**DATASET RECORDS:**
──────────

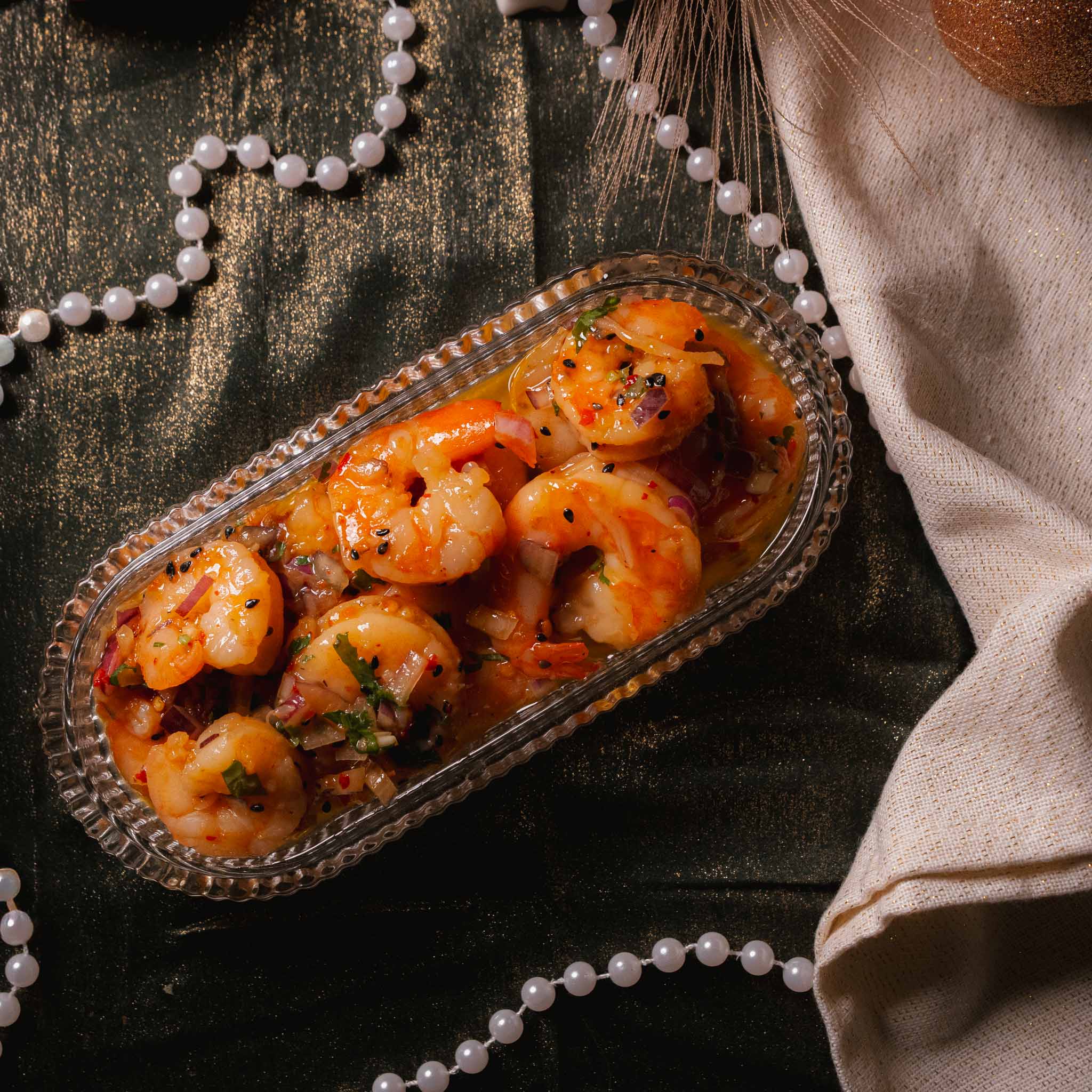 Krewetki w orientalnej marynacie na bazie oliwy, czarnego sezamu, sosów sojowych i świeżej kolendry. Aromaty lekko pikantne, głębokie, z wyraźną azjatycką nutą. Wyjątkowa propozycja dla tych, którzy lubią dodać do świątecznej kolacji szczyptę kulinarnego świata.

──────────

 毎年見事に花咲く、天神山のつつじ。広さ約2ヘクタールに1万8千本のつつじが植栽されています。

──────────

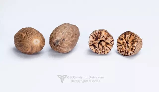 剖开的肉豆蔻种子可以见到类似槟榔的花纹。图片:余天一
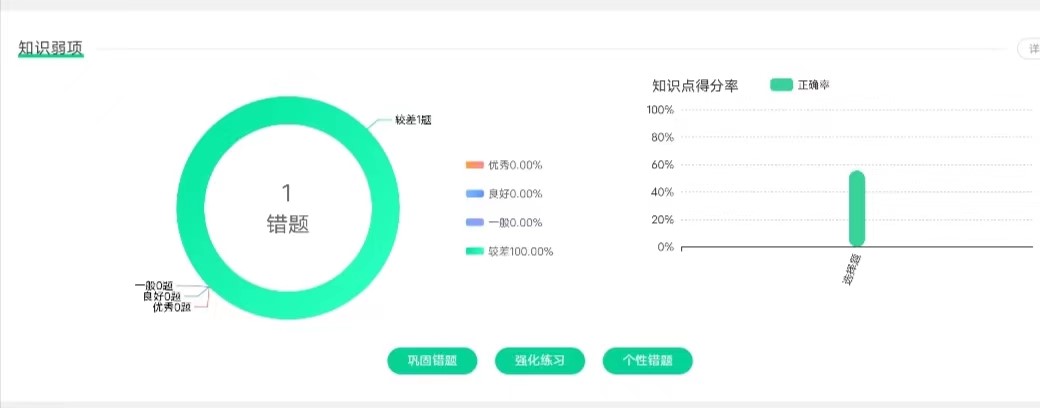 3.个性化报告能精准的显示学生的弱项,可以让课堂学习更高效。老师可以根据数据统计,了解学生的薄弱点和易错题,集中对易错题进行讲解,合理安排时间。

──────────

**DIRECTIONS:** Out of the records above, return only the lines from the one with "剖开的肉豆蔻种子可以见到类似槟榔的花纹。图片:余天一" through the one with "3.个性化报告能精准的显示学", exactly, and none of the pictures.

**RESPONSE AREA:**
 剖开的肉豆蔻种子可以见到类似槟榔的花纹。图片:余天一
 3.个性化报告能精准的显示学生的弱项,可以让课堂学习更高效。老师可以根据数据统计,了解学生的薄弱点和易错题,集中对易错题进行讲解,合理安排时间。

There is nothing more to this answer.